Sarah Ruhl's In the Next Room (or the Vibrator Play) is a very different kind of drama. MFA directing candidate David Ian Lee will take the reins of Ruhl's frisky look at how women might've come to discover the pleasure of the vibrator back at the end of the 19th century. For ISU's Center for the Performing Arts, MFA actors Colin Lawrence and Natalie Blackman have been cast as Dr. and Mrs. Givings, the couple who discover a new use for electricity, with Allison Sokolowski and Graham Gusloff as a patient and her husband, Brandi Jones as a wet nurse with a different outlook, Dario Carrion as an artist who makes an impact on the household, and Kelly Steik as the doctor's assistant. In the Next Room will take the CPA stage October 2 to 11.

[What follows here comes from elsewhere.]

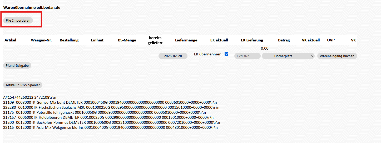 Um einen Wareneingang mit einem BNN-File zu erfassen, gehe wie folgt vor: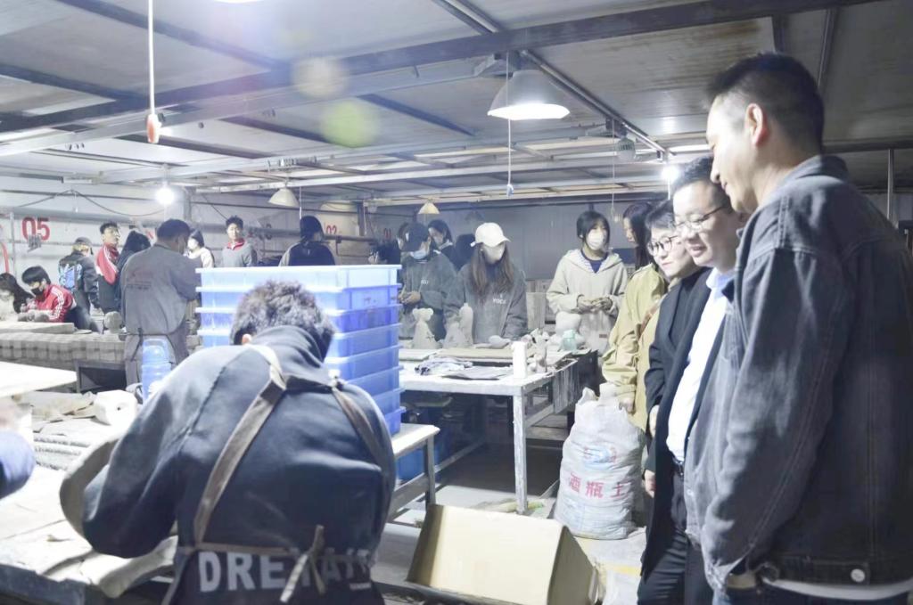 在考察中,王飞院长等一行深入学生实训生产车间、师生餐厅、宿舍,详细了解基地有关情况,对实习基地实习环境、实训教学内容安排、住宿条件、伙食标准等方面给予了肯定。并要求带队老师要切实负起责任,确保写生期间学生们的饮食安全和交通安全,同时要求学生珍惜外出实训机会、认真学习、专心创作,以高质量的作品圆满完成实训任务。

Next up is Quiara Alegria Hudes's Water by the Spoonful, which won the 2012 Pulitzer Prize for Drama. It is the second of three "Elliot" play by Hudes, all involving an Iraq war vet named Elliot Ortiz who has a tough time adjusting to life back in the US. Water by the Spoonful shows us not just Elliot, but his mother and his cousin, as well as a group of friends who only know each other through an internet support group for recovering addicts, charting the difference between the families we're born with and the families we create for ourselves. Water by the Spoonful is scheduled for Westhoff Theatre October 23 to November 1, with MFA candidate Leah Cassella directing MFA actor Ronald Roman as Elliot, Lauren Pfeiffer as his cousin Yasmin, Eddie Curley as a phantom of Elliot's imagination, and Jaime Taylor, Joey Banks (also in the MFA acting program), Anastasia Ferguson and Hananiah Wiggins as the denizens of the online forum.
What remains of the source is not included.